_What is being asked_.
The records below are to be reproduced exactly, with the pictures left out.

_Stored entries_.
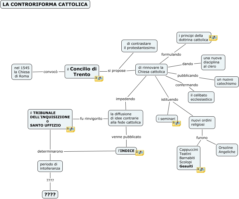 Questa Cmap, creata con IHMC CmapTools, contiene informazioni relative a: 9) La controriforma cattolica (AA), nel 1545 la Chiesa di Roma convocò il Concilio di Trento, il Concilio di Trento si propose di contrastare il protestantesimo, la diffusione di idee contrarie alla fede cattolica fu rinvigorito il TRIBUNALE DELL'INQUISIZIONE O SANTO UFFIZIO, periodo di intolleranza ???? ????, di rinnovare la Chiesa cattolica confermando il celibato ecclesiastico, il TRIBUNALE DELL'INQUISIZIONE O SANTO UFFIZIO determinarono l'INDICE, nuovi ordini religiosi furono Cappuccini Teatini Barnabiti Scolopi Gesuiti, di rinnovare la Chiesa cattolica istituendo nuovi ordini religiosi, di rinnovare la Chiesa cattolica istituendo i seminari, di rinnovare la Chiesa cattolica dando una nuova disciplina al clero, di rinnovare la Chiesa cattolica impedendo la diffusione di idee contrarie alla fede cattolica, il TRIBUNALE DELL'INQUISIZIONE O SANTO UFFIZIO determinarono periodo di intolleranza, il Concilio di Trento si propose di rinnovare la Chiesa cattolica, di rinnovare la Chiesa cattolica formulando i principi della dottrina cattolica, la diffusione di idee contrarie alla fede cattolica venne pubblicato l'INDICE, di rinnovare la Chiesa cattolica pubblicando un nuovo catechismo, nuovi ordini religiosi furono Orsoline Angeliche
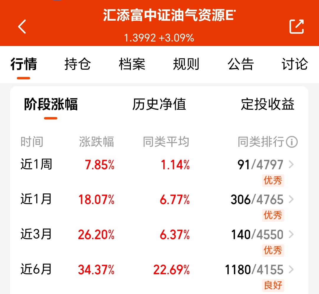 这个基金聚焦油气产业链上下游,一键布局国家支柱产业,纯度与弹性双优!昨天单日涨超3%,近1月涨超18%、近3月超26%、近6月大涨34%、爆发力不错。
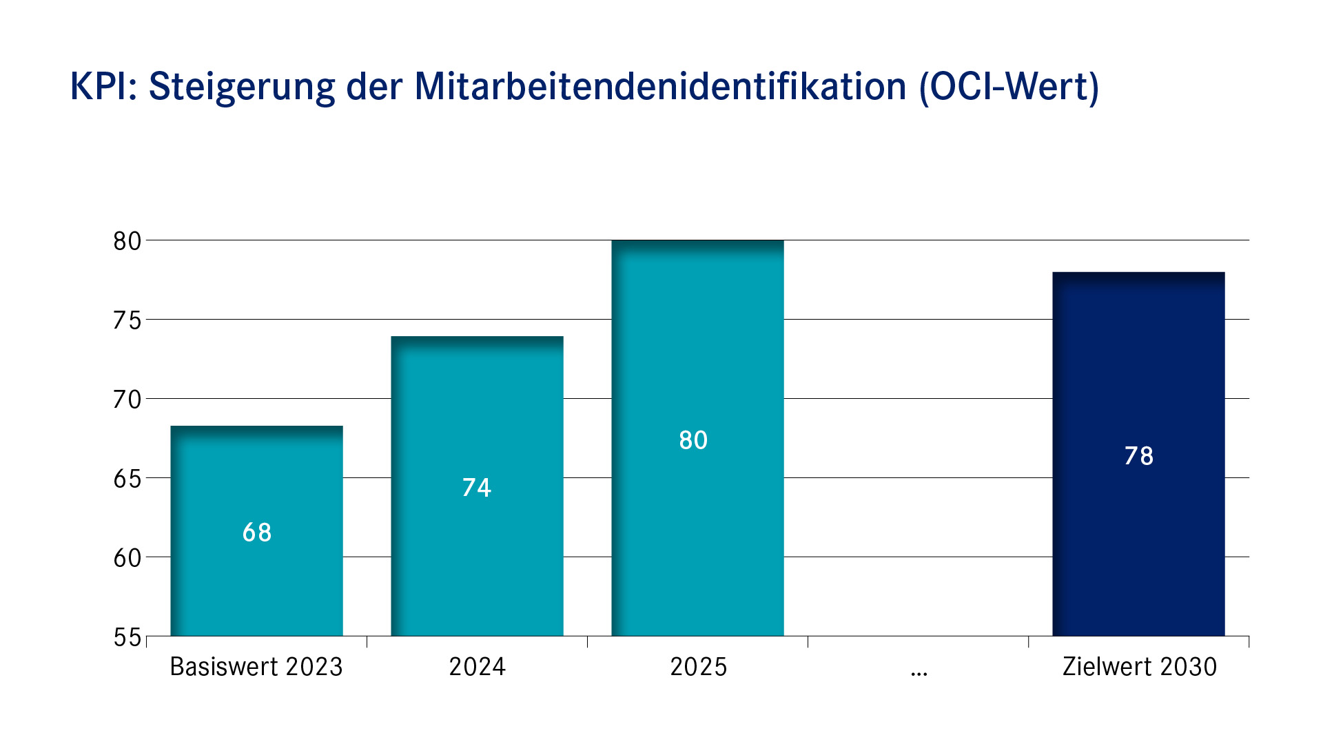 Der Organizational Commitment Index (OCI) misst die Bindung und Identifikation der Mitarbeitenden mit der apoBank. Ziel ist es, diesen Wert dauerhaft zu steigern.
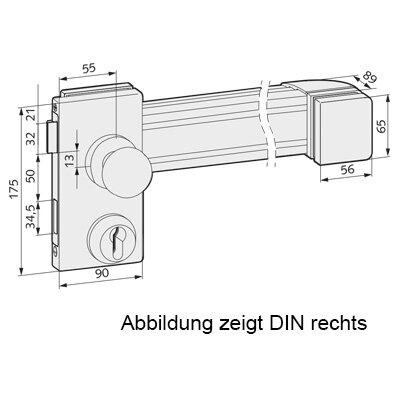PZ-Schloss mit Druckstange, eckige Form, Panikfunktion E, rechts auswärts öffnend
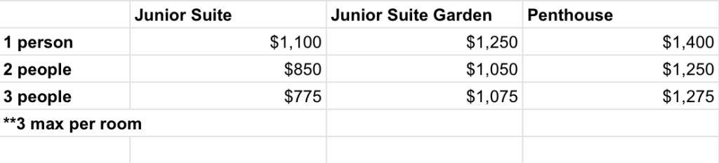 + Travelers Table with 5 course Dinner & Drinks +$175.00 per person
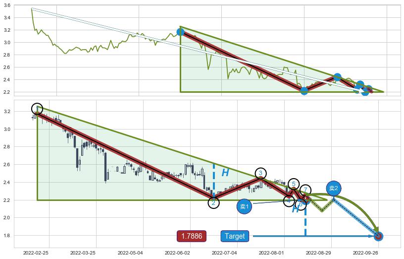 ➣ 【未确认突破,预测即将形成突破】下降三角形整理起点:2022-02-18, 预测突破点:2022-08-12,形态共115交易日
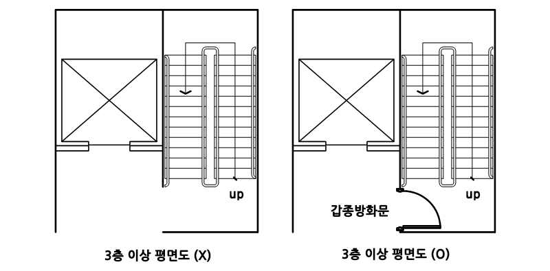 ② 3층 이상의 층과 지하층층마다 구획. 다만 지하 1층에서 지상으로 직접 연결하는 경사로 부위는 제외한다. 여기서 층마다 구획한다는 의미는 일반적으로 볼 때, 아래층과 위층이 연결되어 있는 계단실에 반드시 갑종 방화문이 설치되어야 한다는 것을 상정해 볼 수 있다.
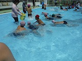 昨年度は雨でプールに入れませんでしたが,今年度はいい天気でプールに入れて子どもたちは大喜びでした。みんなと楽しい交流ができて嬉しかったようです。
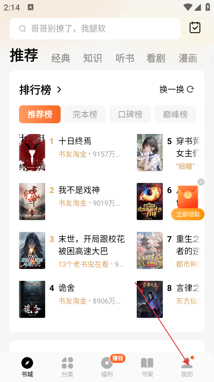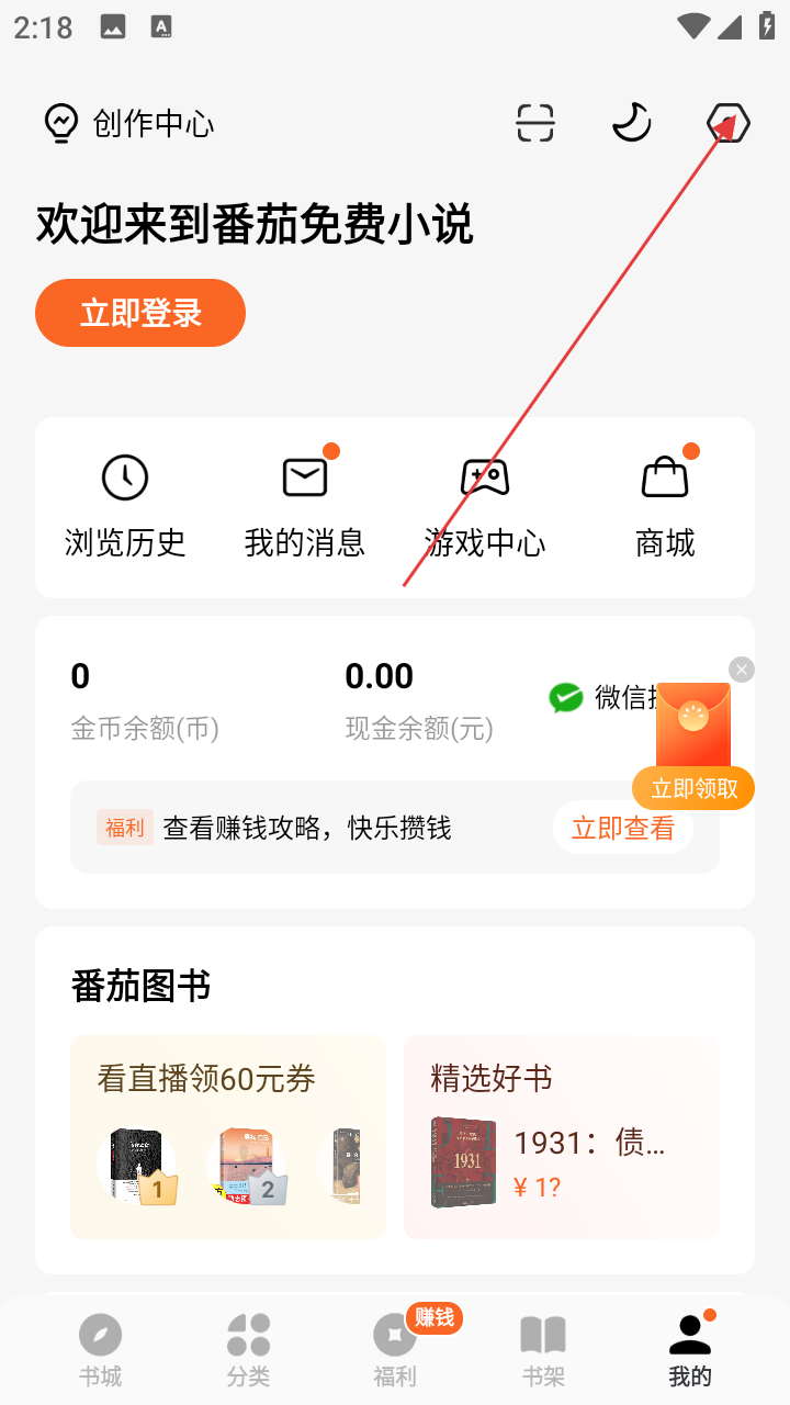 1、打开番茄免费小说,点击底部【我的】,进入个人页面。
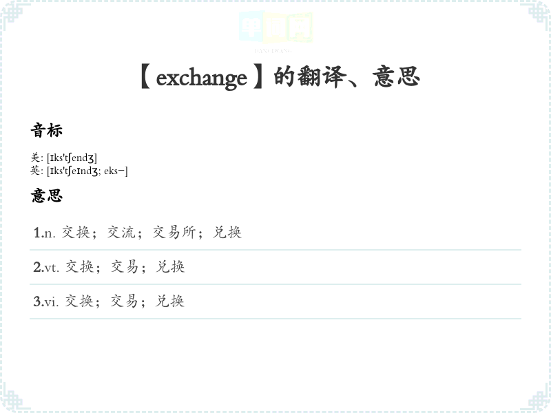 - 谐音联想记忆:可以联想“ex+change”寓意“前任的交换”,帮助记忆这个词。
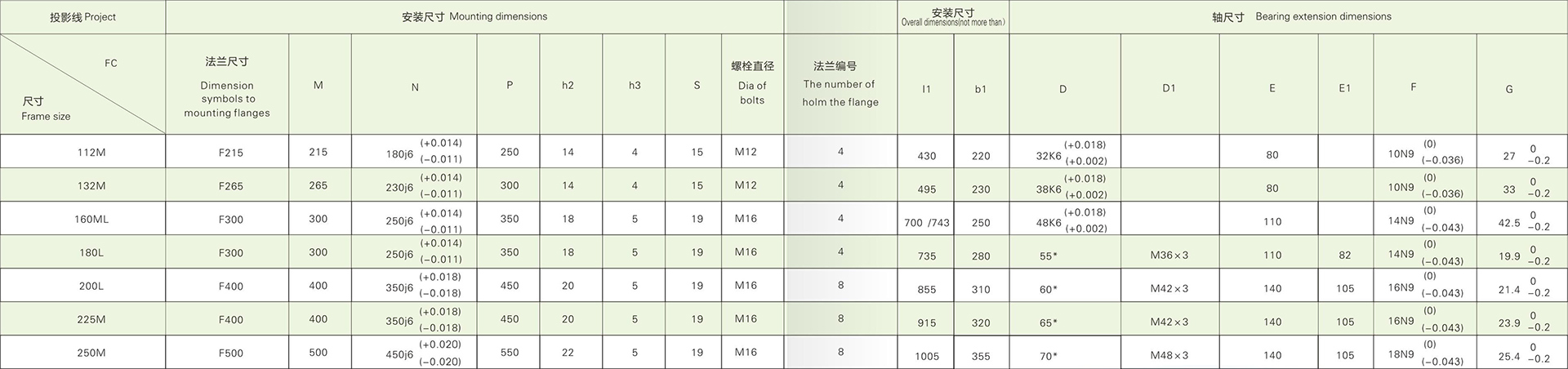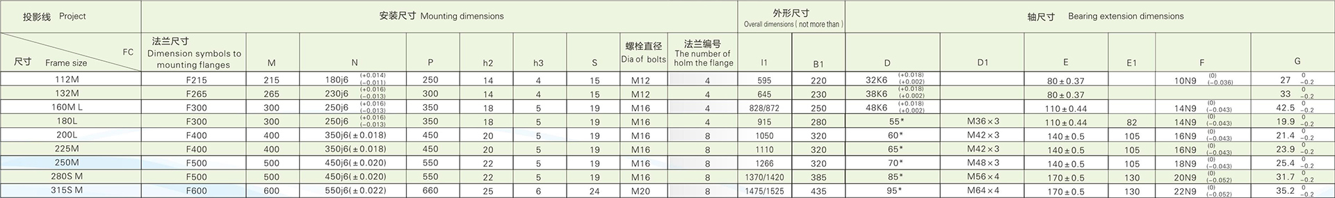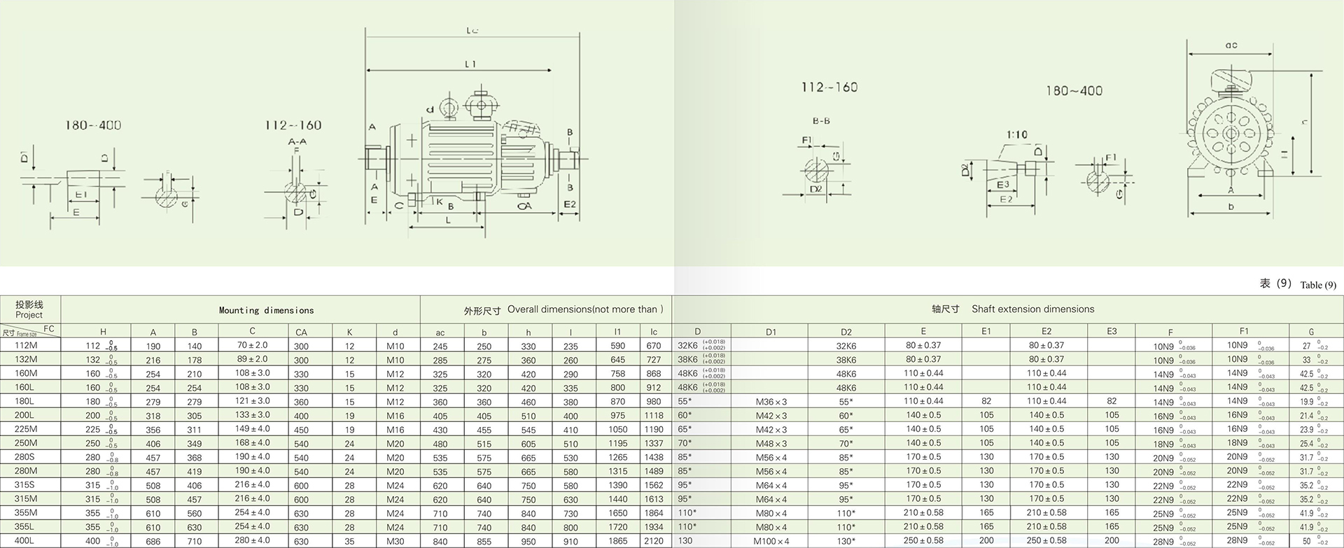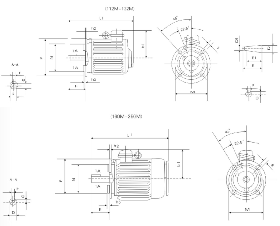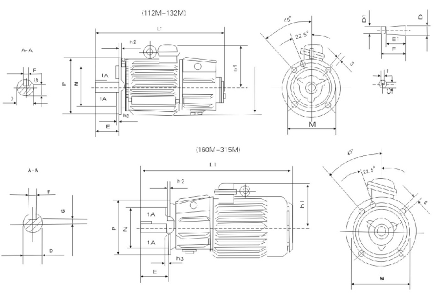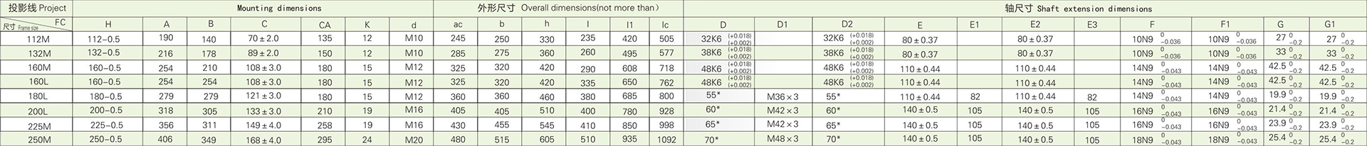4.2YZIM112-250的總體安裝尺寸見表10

_Written reply_.
 Questa Cmap, creata con IHMC CmapTools, contiene informazioni relative a: 9) La controriforma cattolica (AA), nel 1545 la Chiesa di Roma convocò il Concilio di Trento, il Concilio di Trento si propose di contrastare il protestantesimo, la diffusione di idee contrarie alla fede cattolica fu rinvigorito il TRIBUNALE DELL'INQUISIZIONE O SANTO UFFIZIO, periodo di intolleranza ???? ????, di rinnovare la Chiesa cattolica confermando il celibato ecclesiastico, il TRIBUNALE DELL'INQUISIZIONE O SANTO UFFIZIO determinarono l'INDICE, nuovi ordini religiosi furono Cappuccini Teatini Barnabiti Scolopi Gesuiti, di rinnovare la Chiesa cattolica istituendo nuovi ordini religiosi, di rinnovare la Chiesa cattolica istituendo i seminari, di rinnovare la Chiesa cattolica dando una nuova disciplina al clero, di rinnovare la Chiesa cattolica impedendo la diffusione di idee contrarie alla fede cattolica, il TRIBUNALE DELL'INQUISIZIONE O SANTO UFFIZIO determinarono periodo di intolleranza, il Concilio di Trento si propose di rinnovare la Chiesa cattolica, di rinnovare la Chiesa cattolica formulando i principi della dottrina cattolica, la diffusione di idee contrarie alla fede cattolica venne pubblicato l'INDICE, di rinnovare la Chiesa cattolica pubblicando un nuovo catechismo, nuovi ordini religiosi furono Orsoline Angeliche
 这个基金聚焦油气产业链上下游,一键布局国家支柱产业,纯度与弹性双优!昨天单日涨超3%,近1月涨超18%、近3月超26%、近6月大涨34%、爆发力不错。
 Der Organizational Commitment Index (OCI) misst die Bindung und Identifikation der Mitarbeitenden mit der apoBank. Ziel ist es, diesen Wert dauerhaft zu steigern.
PZ-Schloss mit Druckstange, eckige Form, Panikfunktion E, rechts auswärts öffnend
 + Travelers Table with 5 course Dinner & Drinks +$175.00 per person
 ➣ 【未确认突破,预测即将形成突破】下降三角形整理起点:2022-02-18, 预测突破点:2022-08-12,形态共115交易日
 ② 3층 이상의 층과 지하층층마다 구획. 다만 지하 1층에서 지상으로 직접 연결하는 경사로 부위는 제외한다. 여기서 층마다 구획한다는 의미는 일반적으로 볼 때, 아래층과 위층이 연결되어 있는 계단실에 반드시 갑종 방화문이 설치되어야 한다는 것을 상정해 볼 수 있다.
 昨年度は雨でプールに入れませんでしたが,今年度はいい天気でプールに入れて子どもたちは大喜びでした。みんなと楽しい交流ができて嬉しかったようです。
 1、打开番茄免费小说,点击底部【我的】,进入个人页面。
 - 谐音联想记忆:可以联想“ex+change”寓意“前任的交换”,帮助记忆这个词。
4.2YZIM112-250的總體安裝尺寸見表10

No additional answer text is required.